やりとりを見ていたみんなが笑う。綾乃が苦笑した。


「やだ、里奈、新人賞だけじゃなくて、MVPもとりたかったの?」


里奈が綾乃を見て、ペロっと舌を出した。


「だって、MVPとれたら、康介と同じメダルなんだもん。ほら、これと違うじゃないですか。」


里奈はそう言って、首にかかった新人賞のメダルを、綾乃のメダルと並べる。綾乃がまた苦笑する。
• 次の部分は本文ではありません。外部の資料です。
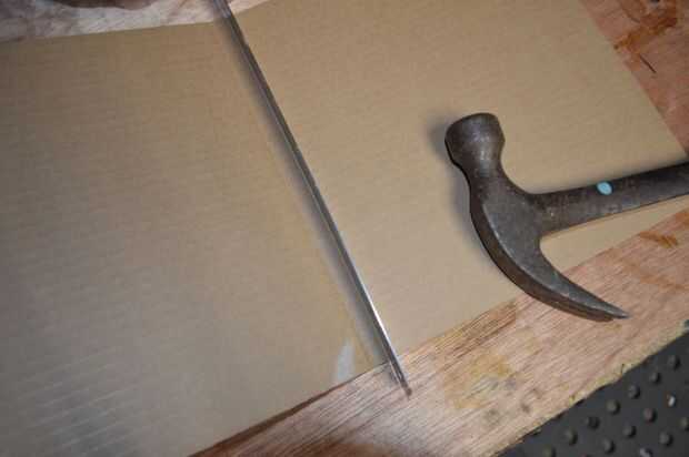 3. para hacer el pliegue tome usted una regla de metal. Esto tiene un borde recto, plano que funciona perfectamente. Utilice un martillo y golpeó a la regla a su lado hasta que tenga un pliegue en la cartulina. Doble las tapas cerradas y asegurarse de que la espina dorsal se dobla como debería.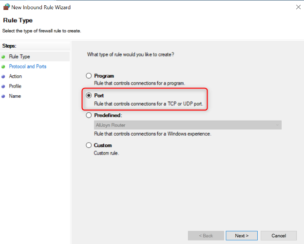 - Select "Port" and click Next.
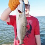 There has been some of the most spectacular speckled trout fishing in recent memory on the Outer Banks at Oregon Inlet. Acres and acres of vast grass beds draw bait like shrimp, crabs and mullet and the trout have moved in to take advantage. Capt. Reese Stecher of Beach Bum Fishing continues to put his clients on trout, with near daily limits and some nice fish, as well. “It’s still great, as … [Read more...]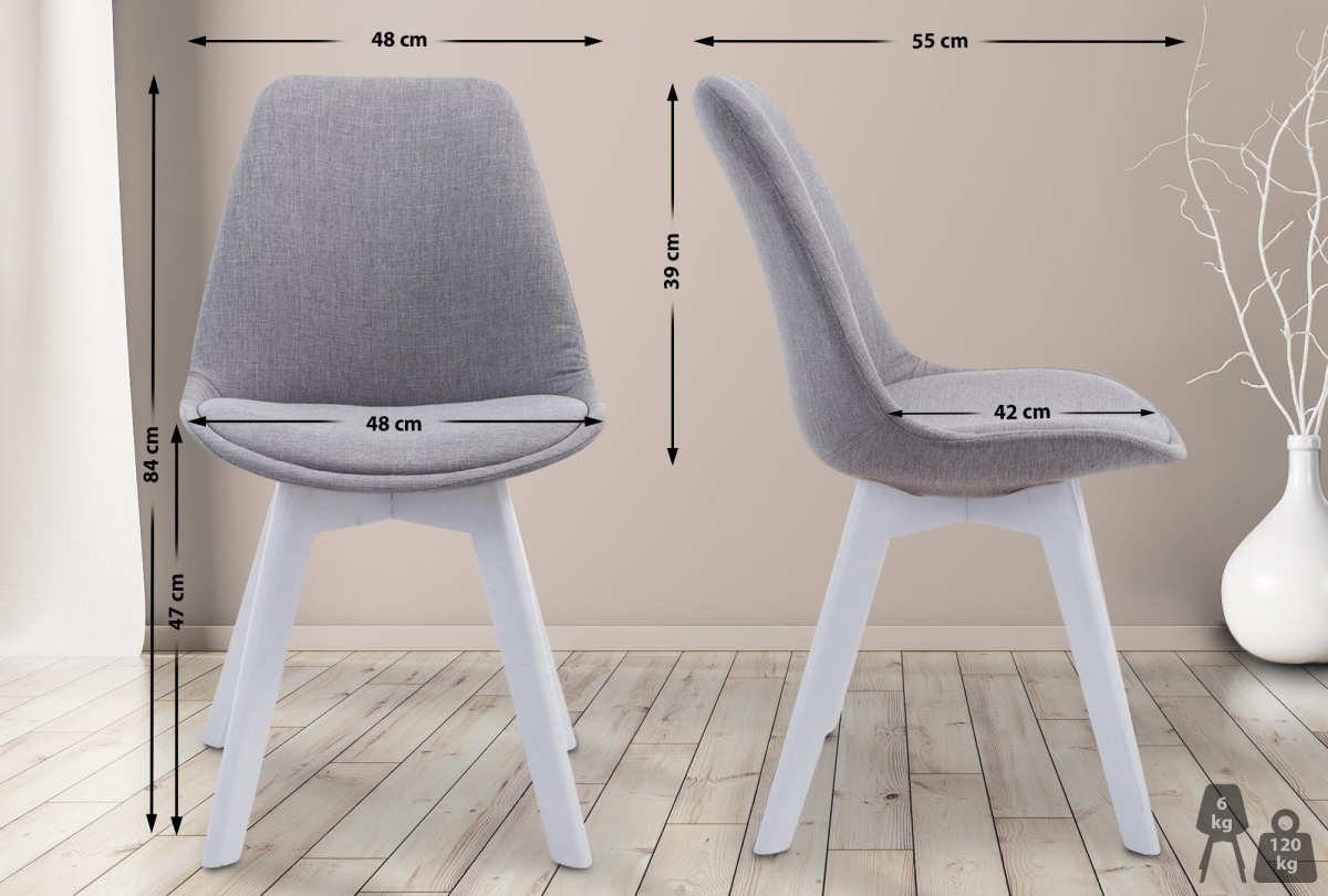 Skořepina sedáku je vyrobena z odolného plastu. Příjemné čalounění s látkovým potahem poskytuje pohodlné sezení. 4-nohá základna z dřeva přináší teplo a eleganci.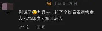 “別説了,九月去,拉了個羣看看宿舍室友…70%印度人和非洲人。”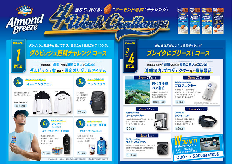 さらに、「アーモンド・ブリーズ」200mlを店頭で購入すると、ダルビッシュ有オリジナルグッズ(数量限定)がもらえるチャンス!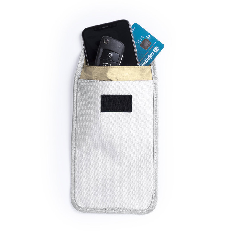 Bolsa de segurança com protecção RFID (Identificação por Radio Frequência) que mantém seguros os dados dos cartões e outros objetos. Numa vasta gama de cores e em poliéster resistente. Tamanho ideal para smartphone e pequenos objetos.

「里奈、そうゆうのは、康介と2人の時にやってくれる?」


里奈が「えーっ。」と不服そうに膨れる。吉野が言った。


「あの~、俺も会話に混ぜてください。」


みんなが爆笑する。綾乃が吉野を無視して苦笑しながら里奈に言った。


「TPOをわきまえなさい、里奈。公衆の面前で惚気けるんじゃないの。」


康介が苦笑する。怒られた里奈が膨れたのを見て、みんなが爆笑した。太田が楽しそうに叫ぶ。


「みなさーん!グラスは持ってますか~?」


みんなが応えてグラスを掲げた。太田が続ける。


「でわ、MVPと新人賞にかんぱーい!」


グラスが高々と上がった。


「かんぱーい!!」


一気に飲み干した康介がニヤリと笑って言った。


「今夜は荒れそうだな。」


飲み終えた里奈と康介の視線が空中で絡み合う。康介が里奈の頭に手を置いて言った。


「終わったら、2人で乾杯しような。」


里奈が笑顔で頷く。どこからか野次が飛んだ。


「コラ~!いちゃつくなー!」


里奈が笑う。康介も笑っていた。


この時の幸せがいつもでも続くと、この時の里奈も康介もずっとずっと信じていたんだ。